Supplied data below:

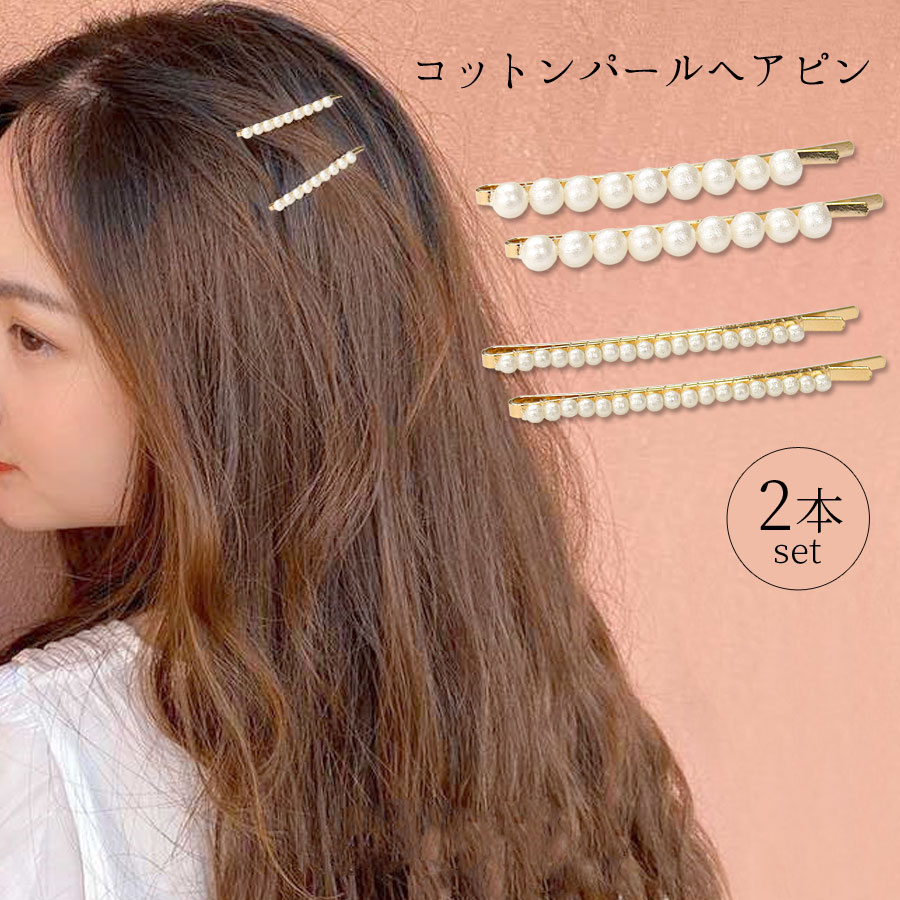 コットンパール ヘアピン 2本セット アメピン パール ゴールド レディース ヘアアクセサリー 【送料pt100】
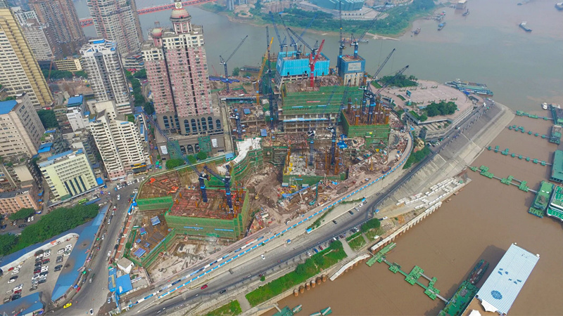 重慶來福士廣場(chǎng)的8座塔樓,2座施工高度220m,4座施工高度248m,2座施工高度348m,采用中昇建機(jī)ZSL1700(80T)一臺(tái),ZSL1500(64T)一臺(tái),ZSL1000(64T)一臺(tái),ZSL750(50T)四臺(tái),ZSL500(32T)六臺(tái),ZSL380(32T)六臺(tái)。
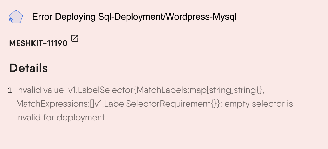 As a system, Meshery itemizes different errors that occur and assigns a unique error code to each along with details on how to remediate the issue at hand.
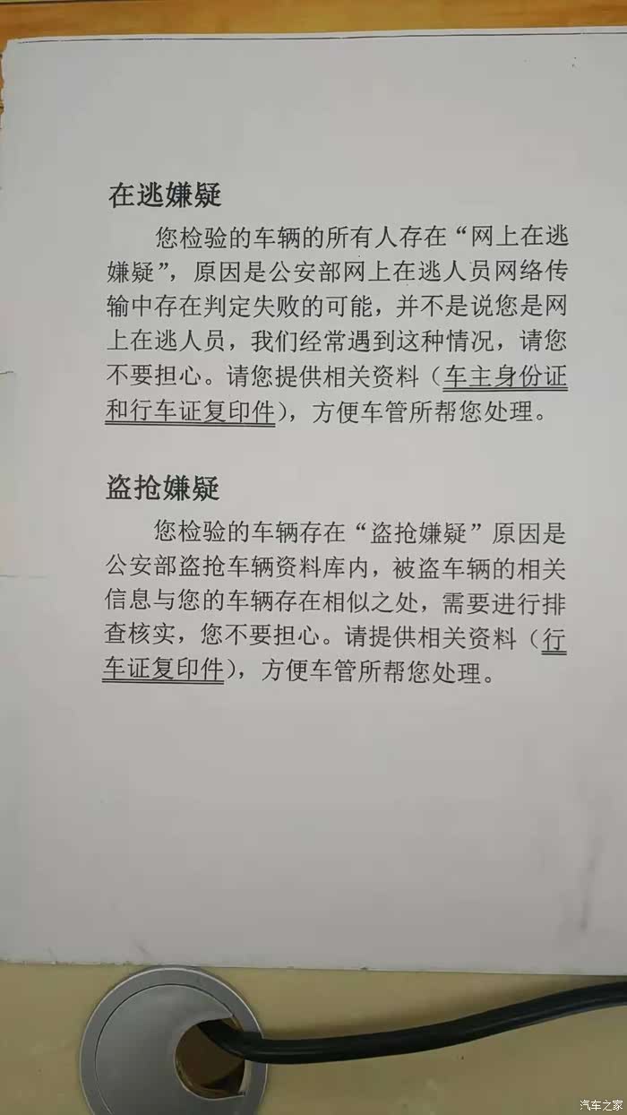 终于排到了最后一个窗口,即将打印检验合格贴的时候。工作人员告诉我出现一个问题,车辆所有人存在“在逃嫌疑”,不过立马告诉我不要紧张,这套系统存在误判的可能性,每天都有好些位车主遇到这种情况。解决的办法就是把验车人的身份证复印件和车主本人的身份证号码提交系统上传,没问题就第二天自动解锁,不过就是需要带着相关资料再跑一趟检测站打印合格贴了。无奈我就只好先回家了。
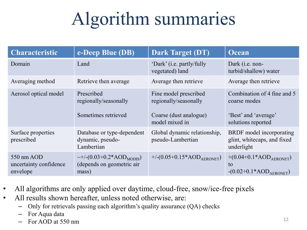 Algorithm summaries • All algorithms are only applied over daytime, cloud-free, snow/ice-free pixels • All results shown hereafter, unless noted otherwise, are: • Only for retrievals passing each algorithm’s quality assurance (QA) checks • For Aqua data • For AOD at 550 nm
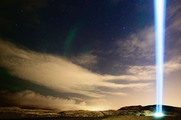 私はアイスランドのイマジン・ピース・タワーをふたたび点灯します。
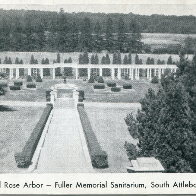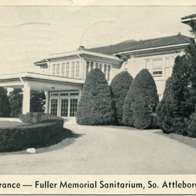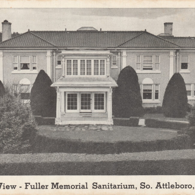 Transcription: Postmarked: History and Notes: Title: Rear View – Fuller Memorial Sanitarium, So. Attleboro, Mass. Main Image: The postcard features a black-and-white photograph of the...
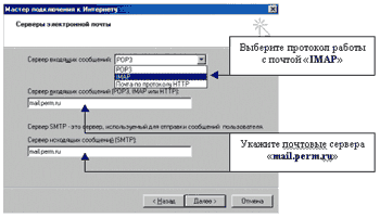 1.3.3. Укажите почтовые сервера и протокол для работы с почтой.
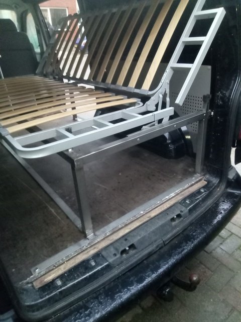 Het bed zit aan de voorzijde en achterzijde vast aan de zijkant, moet het voor de RDW door de vloer vast gezet worden of mag het aan de 12mm dikke houten vloerplaat vast. Het worden geen gekeurde zitplaatsen.
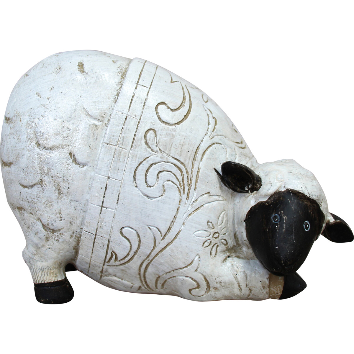 The Sheep Lying decorative piece features a white sheep with black ears, hoofs, and face. On the body of the sheep are beautiful floral patterns that run from well below the middle of the sheep right up to its neck regions. The wise choice of white and black painting makes it possible for this decorative piece to fit perfectly right into every interior and exterior decoration. Be it an office or home, it would instantly introduce a country feel to the overall landscape. When placed on table tops, shelves and other such flat surfaces, this sheep figurine would give off the feeling of the sheep looking right back at the owner/guest. It is a perfect piece with which to mix the traditional with the modern. There are 24 in every carton.
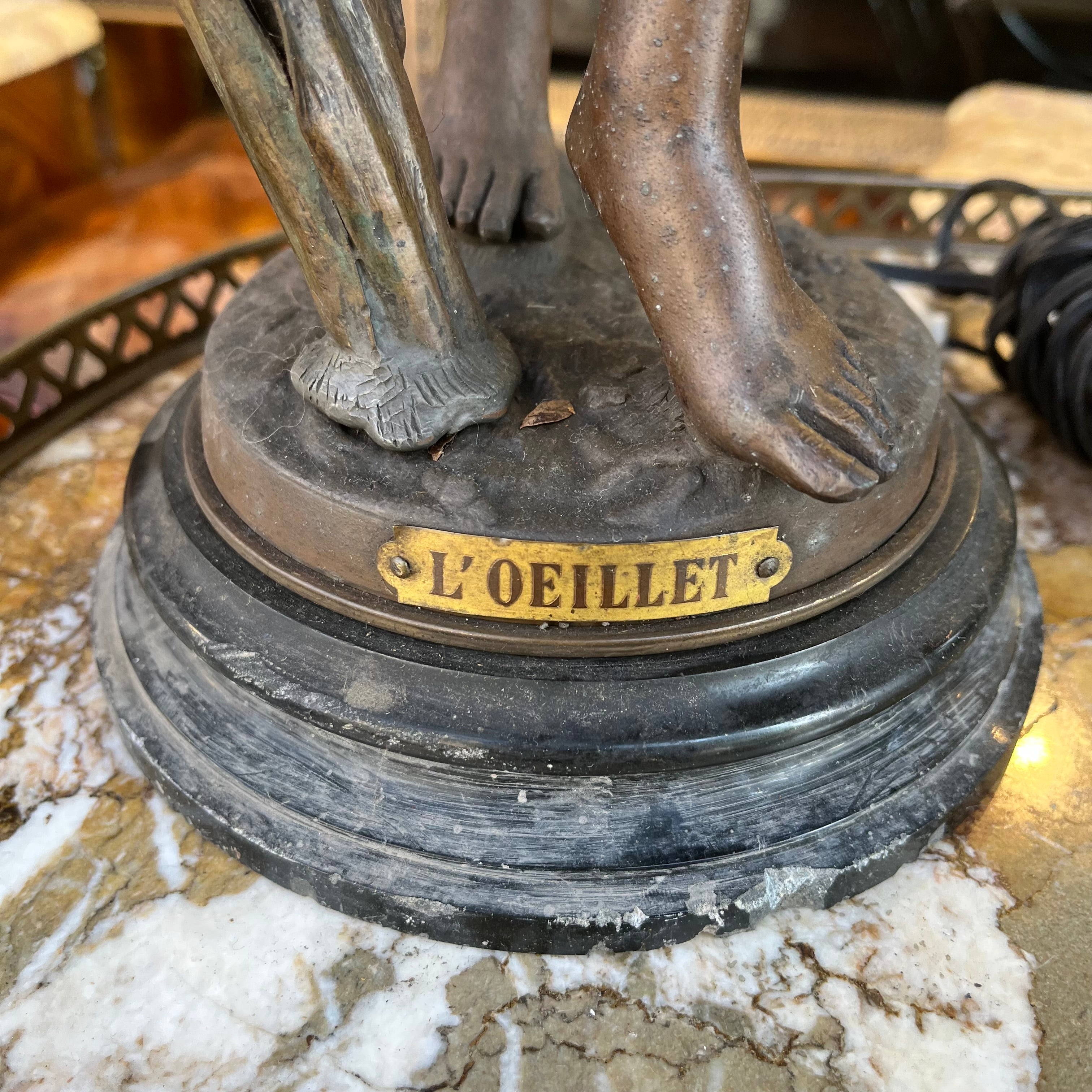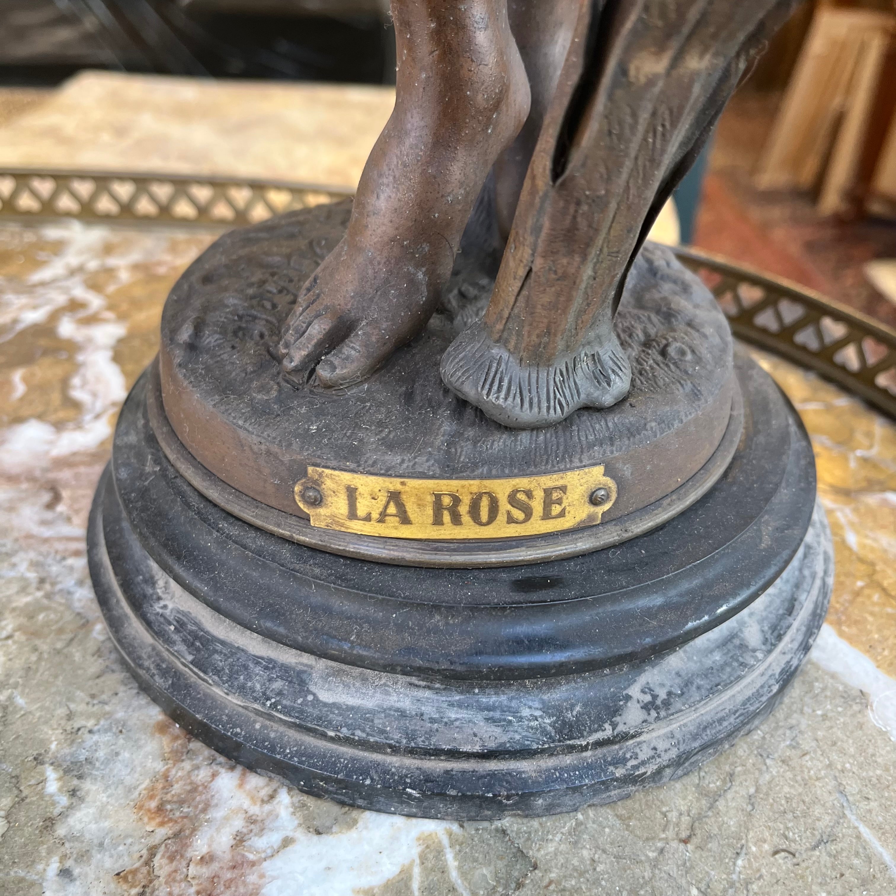 Par de lamparas de peltre dos mujeres y flores ‘La Rose, L’oeillet’
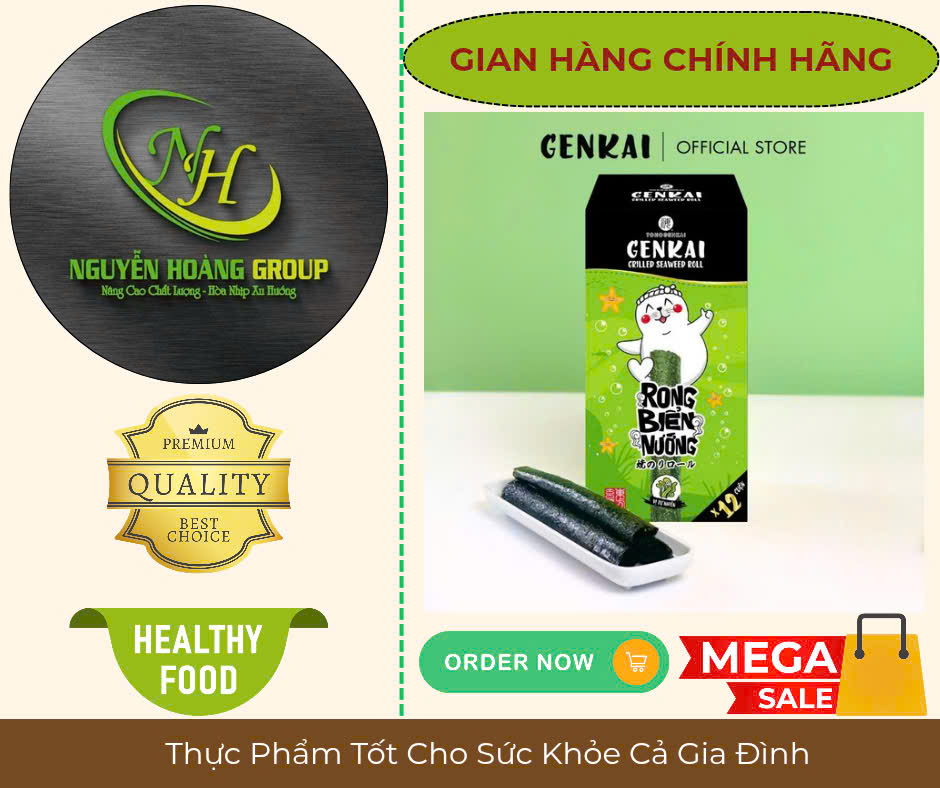 Tên sản phẩm: RONG BIỂN NƯỚNG CUỘN Có 2 Vị : Tự Nhiên & Vị Cay NÓNG Thành phần: Rong biển 68%, dầu ngô 26.7%, dầu mè 4.3%, muối biển 1% Lá Rong biển có

End of Supplied data.

### [Task instructions]
Omitting the pictures, repeat all entries exactly.

### [Expected answer]
 コットンパール ヘアピン 2本セット アメピン パール ゴールド レディース ヘアアクセサリー 【送料pt100】
 重慶來福士廣場(chǎng)的8座塔樓,2座施工高度220m,4座施工高度248m,2座施工高度348m,采用中昇建機(jī)ZSL1700(80T)一臺(tái),ZSL1500(64T)一臺(tái),ZSL1000(64T)一臺(tái),ZSL750(50T)四臺(tái),ZSL500(32T)六臺(tái),ZSL380(32T)六臺(tái)。
 As a system, Meshery itemizes different errors that occur and assigns a unique error code to each along with details on how to remediate the issue at hand.
 终于排到了最后一个窗口,即将打印检验合格贴的时候。工作人员告诉我出现一个问题,车辆所有人存在“在逃嫌疑”,不过立马告诉我不要紧张,这套系统存在误判的可能性,每天都有好些位车主遇到这种情况。解决的办法就是把验车人的身份证复印件和车主本人的身份证号码提交系统上传,没问题就第二天自动解锁,不过就是需要带着相关资料再跑一趟检测站打印合格贴了。无奈我就只好先回家了。
 Algorithm summaries • All algorithms are only applied over daytime, cloud-free, snow/ice-free pixels • All results shown hereafter, unless noted otherwise, are: • Only for retrievals passing each algorithm’s quality assurance (QA) checks • For Aqua data • For AOD at 550 nm
 私はアイスランドのイマジン・ピース・タワーをふたたび点灯します。
 Transcription: Postmarked: History and Notes: Title: Rear View – Fuller Memorial Sanitarium, So. Attleboro, Mass. Main Image: The postcard features a black-and-white photograph of the...
 1.3.3. Укажите почтовые сервера и протокол для работы с почтой.
 Het bed zit aan de voorzijde en achterzijde vast aan de zijkant, moet het voor de RDW door de vloer vast gezet worden of mag het aan de 12mm dikke houten vloerplaat vast. Het worden geen gekeurde zitplaatsen.
 The Sheep Lying decorative piece features a white sheep with black ears, hoofs, and face. On the body of the sheep are beautiful floral patterns that run from well below the middle of the sheep right up to its neck regions. The wise choice of white and black painting makes it possible for this decorative piece to fit perfectly right into every interior and exterior decoration. Be it an office or home, it would instantly introduce a country feel to the overall landscape. When placed on table tops, shelves and other such flat surfaces, this sheep figurine would give off the feeling of the sheep looking right back at the owner/guest. It is a perfect piece with which to mix the traditional with the modern. There are 24 in every carton.
 Par de lamparas de peltre dos mujeres y flores ‘La Rose, L’oeillet’
 Tên sản phẩm: RONG BIỂN NƯỚNG CUỘN Có 2 Vị : Tự Nhiên & Vị Cay NÓNG Thành phần: Rong biển 68%, dầu ngô 26.7%, dầu mè 4.3%, muối biển 1% Lá Rong biển có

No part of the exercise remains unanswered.